As I thought, the fuckers are trying to break the hard link. No way in, dick-heads … They'll have to do it—they're too desperate for the damned thing.
‘It is agreed,' said Tack after a moment. ‘The transference of funds will be made. Inform Mr Jurgens that if the detonator does not shut down then, or if there are any other … mishaps, I will personally hunt him down and feed him into a trash compactor.'
I can hear you, fucker. And your hunting days are over.
Polly eyed the spiralling lights on the detonator's screen and stepped back into the hot sunlight, preparing to bolt. Suddenly the lights went out and, realizing she just was not far enough away, Polly closed her eyes and cringed inwardly.
‘Transaction complete,' said Tack.
Polly opened her eyes to see him stepping in towards the object and its clinging explosive, his weapon again concealed while he pulled on surgical gloves. He stooped, pulled off the detonator and cast it to one side. He then stripped away the plastique, balled it, and tossed it in another direction.
You know, Polly, if it hadn't been for you, Marjae might still be alive. You can tell your friend there that I acquired him and his companions when they were walking over. The deal's done and now it's payback time.
The detonation came from behind and Polly turned in time to see the underside of the Macrojet as it turned in a conflagration. Two other hits swatted it along the ground as if it was fashioned of balsa and papier mâché, blowing it to pieces. Glancing back, she saw Tack raising his seeker gun and she ran for the trees.
Interdiction find.
The mosquito whining of seeker bullets was suddenly all around her—their winged shapes whipping through the air like June beetles. Coming out of
brambles some way ahead of her, with leaves stuck to his long coat, she saw one of Tack's companions levelling his gun at her. Then he doubled over, and the dull thud of a muffled detonation spread his insides across the dry grass.

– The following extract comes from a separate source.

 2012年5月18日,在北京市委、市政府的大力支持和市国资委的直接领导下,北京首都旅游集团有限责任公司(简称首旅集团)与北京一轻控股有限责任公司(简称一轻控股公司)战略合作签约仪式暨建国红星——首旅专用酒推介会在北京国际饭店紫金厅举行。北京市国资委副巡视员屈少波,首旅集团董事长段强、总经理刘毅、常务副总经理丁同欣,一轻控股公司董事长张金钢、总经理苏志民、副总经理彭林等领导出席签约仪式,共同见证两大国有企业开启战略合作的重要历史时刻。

Not target. Interdiction pause
.
Behind her she could hear the killer, Tack, pursuing. She turned to her left as there came the low coughing of a nearby gun.
Interdiction find
.
A seeker round whined past her and hit a sapling just ahead, blowing it in half. Another round whined overhead, made a strange whuckering sound, then spiralled into the earth directly in front of her and exploded. She leapt the smoking hole and just kept on running. The shots were missing her and she just did not understand why.
 
PROVISH WAS RIGHT. IN the fucking tower! In the t—
That was Airan, the remains of whom Tack passed only a minute later. The seeker round had taken off his head, which was especially unlucky for him because he, like Tack, had taken the precaution of wearing a moly-Kevlar undershirt.

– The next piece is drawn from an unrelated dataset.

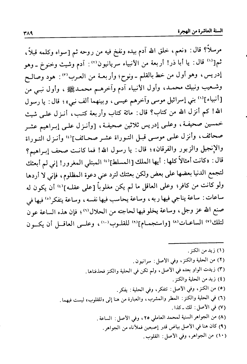 مرسلا؟ قال: «نعم، خلق الله آدم بيده ونفخ فيه من روحه ثم [سواه وكلمه قبلا، ثم [ «1» قال: يا أبا ذر! أربعة من الأنبياء سريانيون «2» : آدم وشيث وخنوخ- وهو إدريس، وهو أول من خط بالقلم- ونوح؛ وأربعة من العرب «3» : هود وصالح وشعيب ونبيك محمد، وأول الأنبياء آدم وآخرهم محمد صلى الله عليه وسلم، وأول نبي من [أنبياء] «1» بني إسرائيل موسى وآخرهم عيسى، وبينهما ألف نبي» ؛ قال: يا رسول الله! كم أنزل الله من كتاب؟ قال: مائة كتاب وأربعة كتب، أنزل على شيث خمسين صحيفة، وعلى إدريس ثلاثين صحيفة، [وأنزل على إبراهيم عشر صحائف، وأنزل على موسى قبل التوراة عشر صحائف] «4» وأنزل التوراة والإنجيل والزبور والفرقان» ؛ قال: يا رسول الله! فما كانت صحف إبراهيم؟

Firing again at the girl dodging between the trees, Tack watched in amazement when the round—programmed to hunt her down—veered left and slammed into the remains of an old brick wall. With no time to check his weapon, Tack thumbed off its programming facility, took careful aim, and held his finger down on the trigger. Retaining their casings the rounds now went where he aimed. Trees flared and burning bark showered down, as the girl jumped a drainage ditch. Too many trees and she was moving fast. Tack sprinted after her, only to hear a familiar whining behind him. The round fired from the tower slammed into his back, knocking him face-down next to the ditch. He struggled upright and another round exploded on his chest knocking him backwards into the ditch. Briefly he caught a glimpse of the girl turning and sprinting back towards the ruins, then he blacked out.